▶ **Task objective**: Leave the pictures out. Transcribe exactly every line from the start of the records through the one containing "图9 人工路标定位示例。 a)同心圆路标 b)彩色方格路标 c)二维码路标[33]。".

Collected data

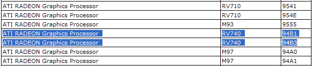 Today in a AMD division, appeared a reference about the RV740 video chip. The list of supported by drivers Catalyst graphical solutions also contain references about the mobile chips m93 and M97, supposedly produced on 40 nm technical process.
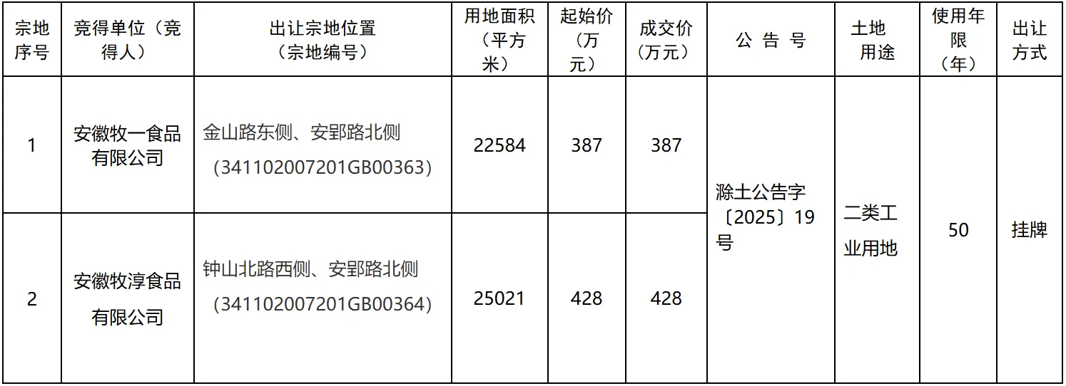 2025年10月11日,滁州市自然资源和规划局在市公共资源交易中心通过挂牌方式出让成交2宗国有建设用地使用权,根据《招标拍卖挂牌出让国有建设用地使用权规定》的要求,现将成交结果公告如下:
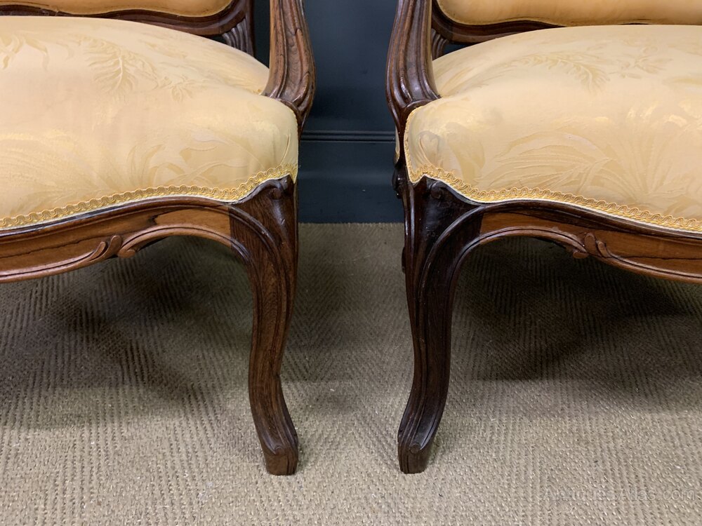 A lovely pair of late 19th century French rosewood fauteuils, or armchairs. Very well constructed in solid rosewood with carved crests to the top rails. With shaped , scrolling arms and legs. Professionally upholstered in a splendid yellow/gold fabric. Of generous proportions and very comfortable. Offered for sale in excellent condition (including the upholstery) ready to go straight into the home.Dimensions:
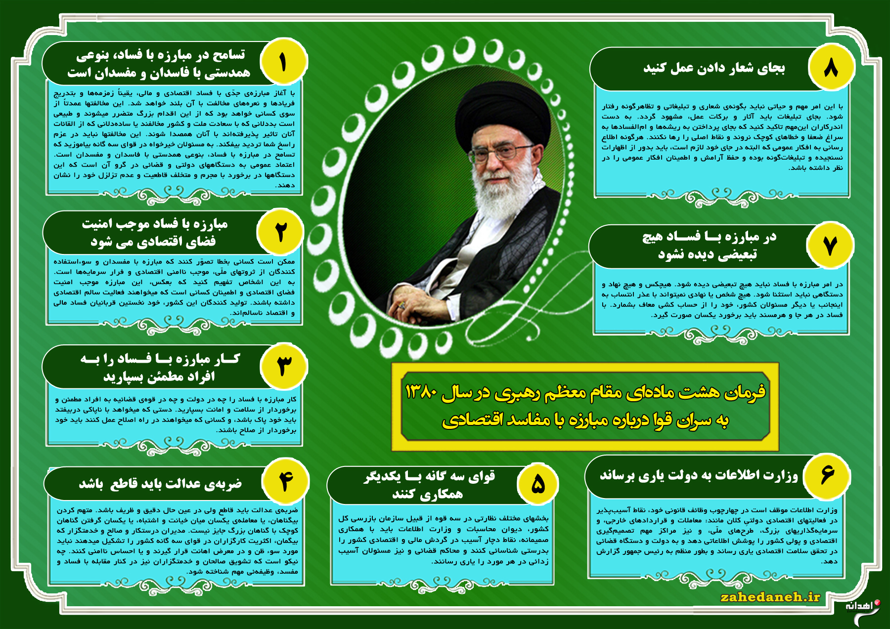 اینفوگرافی فرمان هشت مادهای مقام معظم رهبری درباره مبارزه با مفاسد اقتصادی
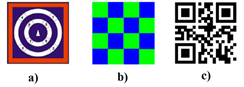 图9 人工路标定位示例。 a)同心圆路标 b)彩色方格路标 c)二维码路标[33]。
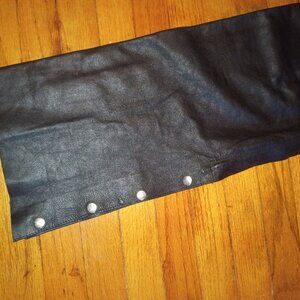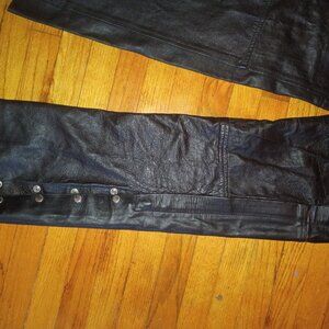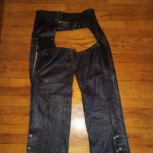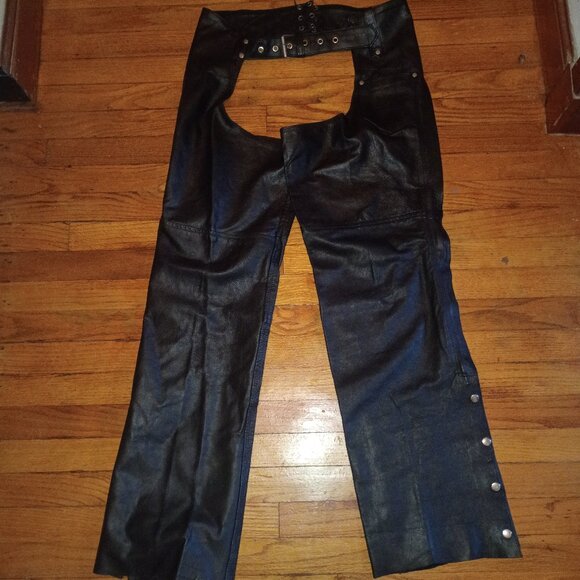 Just in time for cool weather riding, great pair of men's size XL black leather chaps from LEATHER CLUB. These adjustable waist (32" to 38") chaps have it all; zippers on the legs, snaps on the cuffs, adjustable buckle belt and laces up the back. Oh--and pockets. With 32" inseam. In great condition, don't show any wear that I could see. Please see photos. Leather in good condition, no wear to cuffs.
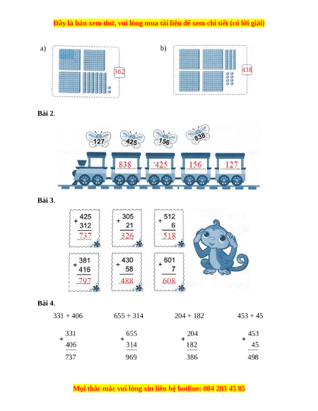 a) b) Bài 2. Bài 3. Bài 4. 331 + 406 655 + 314 204 + 182 453 + 45
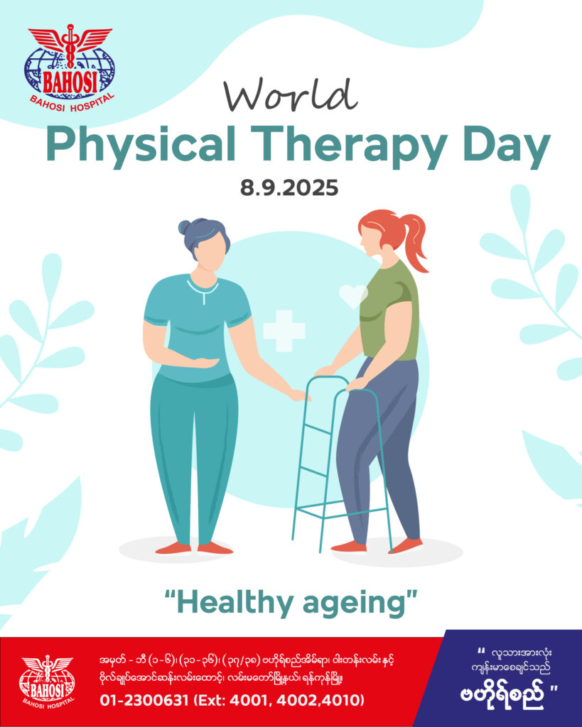 ၂၀၂၃ ခုနှစ် စက်တင်ဘာလ (၈) ရက်နေ့တွင်ကျင်းပပြုလုပ်သော World Physiotherapy Day အား ဗဟိုရ်စည်ဆေးရုံကြီးဝန်ထမ်းများမိသားစုမှ ဝမ်းမြောက်စွာကြိုဆိုဂုဏ်ပြုလိုက်ပါတယ်ခင်ဗျာ။
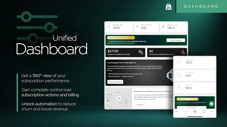 Get a 360° view of subscription performance including total subscribers, active subscribers, lifetime revenue, churn reasons, and upsell revenue — all from one unified dashboard. AI-powered analytics surface actionable insights to help merchants spot trends and make data-driven decisions.

▶ **Output below**:
 Today in a AMD division, appeared a reference about the RV740 video chip. The list of supported by drivers Catalyst graphical solutions also contain references about the mobile chips m93 and M97, supposedly produced on 40 nm technical process.
 2025年10月11日,滁州市自然资源和规划局在市公共资源交易中心通过挂牌方式出让成交2宗国有建设用地使用权,根据《招标拍卖挂牌出让国有建设用地使用权规定》的要求,现将成交结果公告如下:
 A lovely pair of late 19th century French rosewood fauteuils, or armchairs. Very well constructed in solid rosewood with carved crests to the top rails. With shaped , scrolling arms and legs. Professionally upholstered in a splendid yellow/gold fabric. Of generous proportions and very comfortable. Offered for sale in excellent condition (including the upholstery) ready to go straight into the home.Dimensions:
 اینفوگرافی فرمان هشت مادهای مقام معظم رهبری درباره مبارزه با مفاسد اقتصادی
 图9 人工路标定位示例。 a)同心圆路标 b)彩色方格路标 c)二维码路标[33]。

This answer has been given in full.